[Records from a data collection]

%%

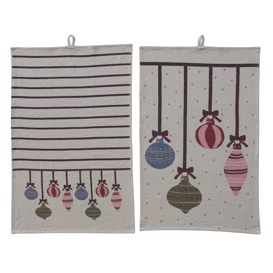 Catalog Name: 28"L x 18"W Woven Cotton Printed Tea Towel w/ Pattern & Ornaments, Multi Color, 2 Styles
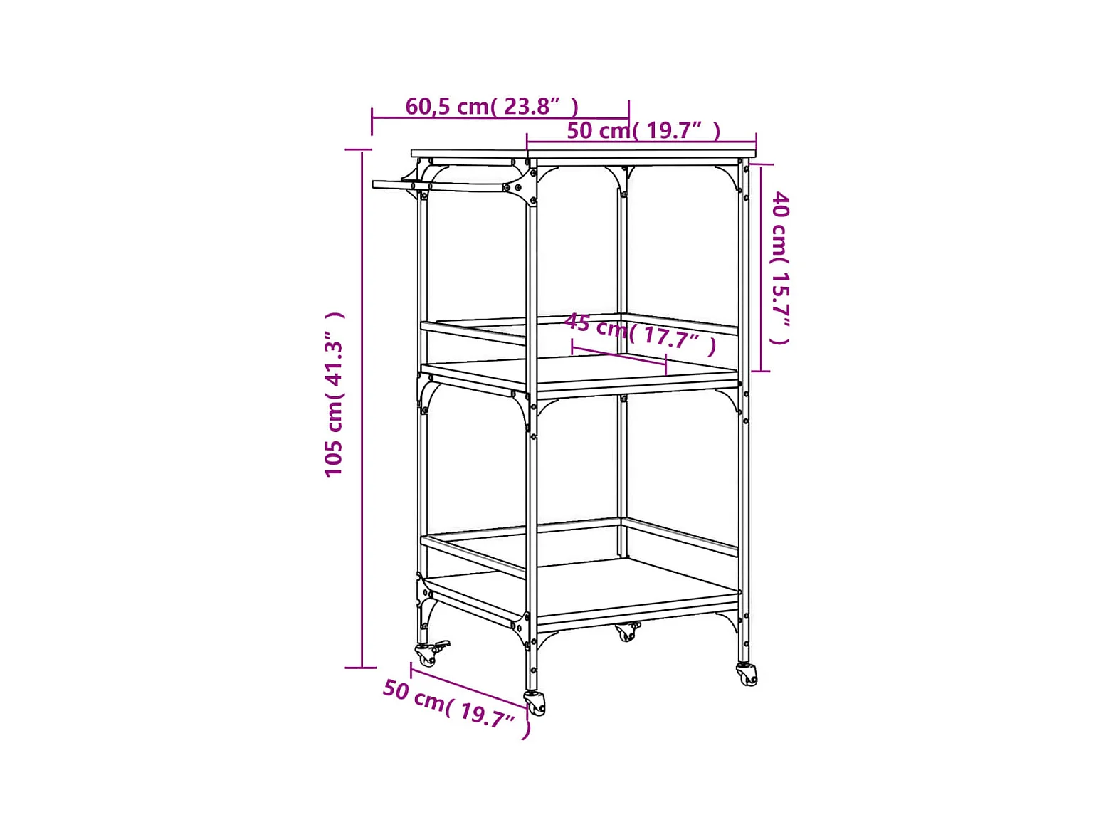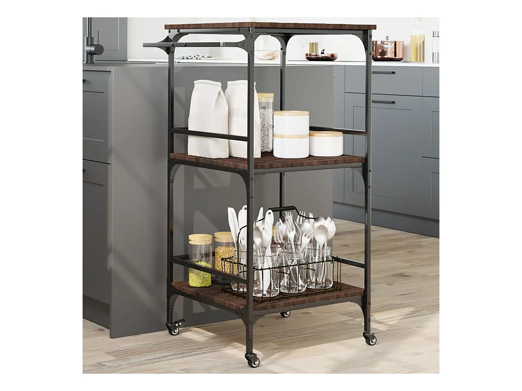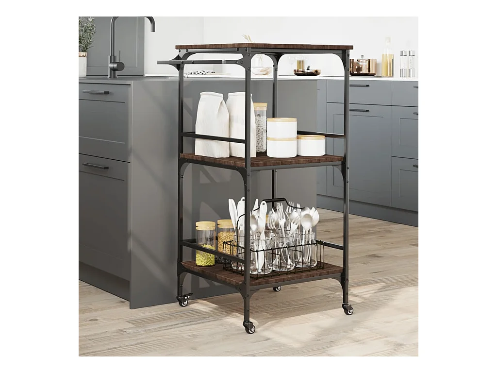 Carrito de cocina madera ingeniería marrón roble 60x41x80,5 cm
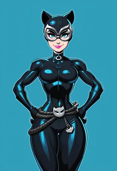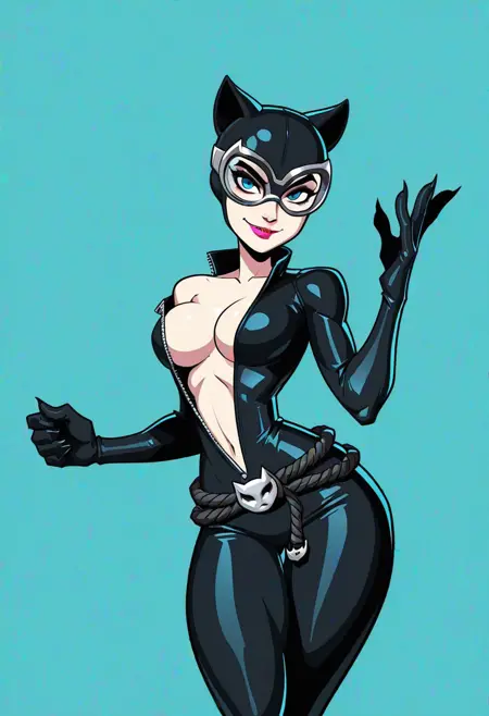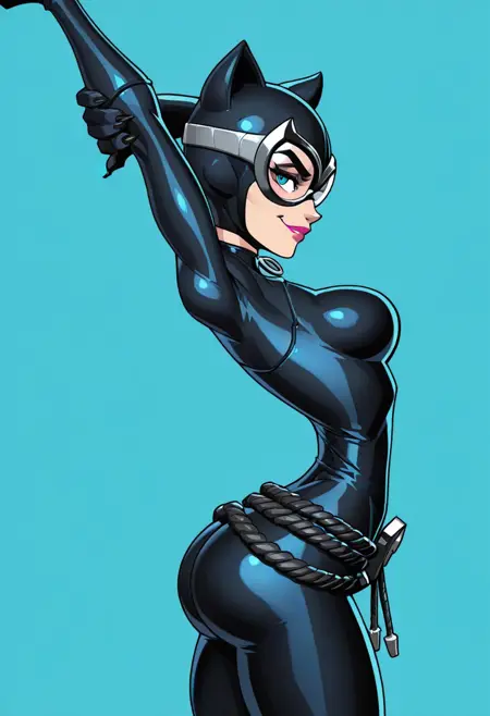 1girl, solo, catwoman, black mask, blue eyes, goggles, lipstick, black bodysuit, turtleneck, o-ring zipper, black gloves, claws, rope belt, cat belt buckle, black boots,
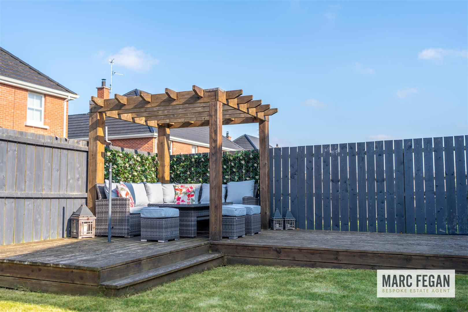 Sun Trap Garden With Lawn, Patio & Feature Raised Decked Area With Pergola
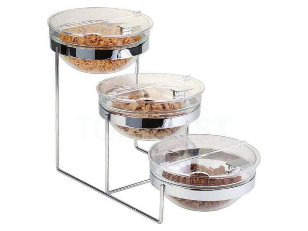 Stojan se skvěle hodí bufety, rauty či švédské stoly, zejména pro podávání snídaní. Vyrábí se v chromovaném provedení a jeho součástí jsou také 3 skleněné misky o průměru 23 cm a plastová víčka s výřezem na lžíci. Ideální hlavně pro různé snídaňové cereálie.Stojan
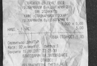 По инициатива на министъра на туризма Николина Ангелкова започва проверка за категоризацията на заведение в град Харманли, за което клиент твърди, че е получил сметка за престой без консумация. Според сигнала, подаден до Министерство на туризма, на 15.08.2017 година, посетителят е платил 5.00 лв. за „нищо- 1 час“, както е отбелязано на касовата бележка, приложена към сигнала. От сметката се вижда, че от кафе-сладкарница „Оскар“ са поискали сумата в 22.25 часа.
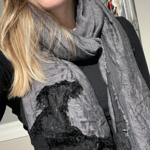 Skjerf laget av nunofilt, en blanding av ull og silke. Ukjent merke. 35 cm bredt. 140 cm langt.
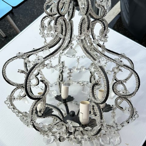 Prismelysekrone med 5 pære i. Preben genbrugsshop-Nakskov.
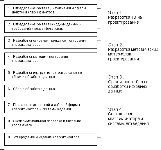На этом же этапе осуществляется разработка методик построения классификаторов, отражающих методы и последовательность выполнения отдельных операций по созданию классификаторов, содержание которых зависит от выбранных критериев и принципов их построения.
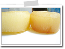 隠し包丁を入れた右の方が、中までしみこんでいる。 |

%%

The reply should hold every entry above, given again exactly, but not a single picture.

▶ Answer to this exercise:
 Catalog Name: 28"L x 18"W Woven Cotton Printed Tea Towel w/ Pattern & Ornaments, Multi Color, 2 Styles
 Carrito de cocina madera ingeniería marrón roble 60x41x80,5 cm
 1girl, solo, catwoman, black mask, blue eyes, goggles, lipstick, black bodysuit, turtleneck, o-ring zipper, black gloves, claws, rope belt, cat belt buckle, black boots,
 Sun Trap Garden With Lawn, Patio & Feature Raised Decked Area With Pergola
 Stojan se skvěle hodí bufety, rauty či švédské stoly, zejména pro podávání snídaní. Vyrábí se v chromovaném provedení a jeho součástí jsou také 3 skleněné misky o průměru 23 cm a plastová víčka s výřezem na lžíci. Ideální hlavně pro různé snídaňové cereálie.Stojan
 По инициатива на министъра на туризма Николина Ангелкова започва проверка за категоризацията на заведение в град Харманли, за което клиент твърди, че е получил сметка за престой без консумация. Според сигнала, подаден до Министерство на туризма, на 15.08.2017 година, посетителят е платил 5.00 лв. за „нищо- 1 час“, както е отбелязано на касовата бележка, приложена към сигнала. От сметката се вижда, че от кафе-сладкарница „Оскар“ са поискали сумата в 22.25 часа.
 Skjerf laget av nunofilt, en blanding av ull og silke. Ukjent merke. 35 cm bredt. 140 cm langt.
 Prismelysekrone med 5 pære i. Preben genbrugsshop-Nakskov.
На этом же этапе осуществляется разработка методик построения классификаторов, отражающих методы и последовательность выполнения отдельных операций по созданию классификаторов, содержание которых зависит от выбранных критериев и принципов их построения.
 隠し包丁を入れた右の方が、中までしみこんでいる。 |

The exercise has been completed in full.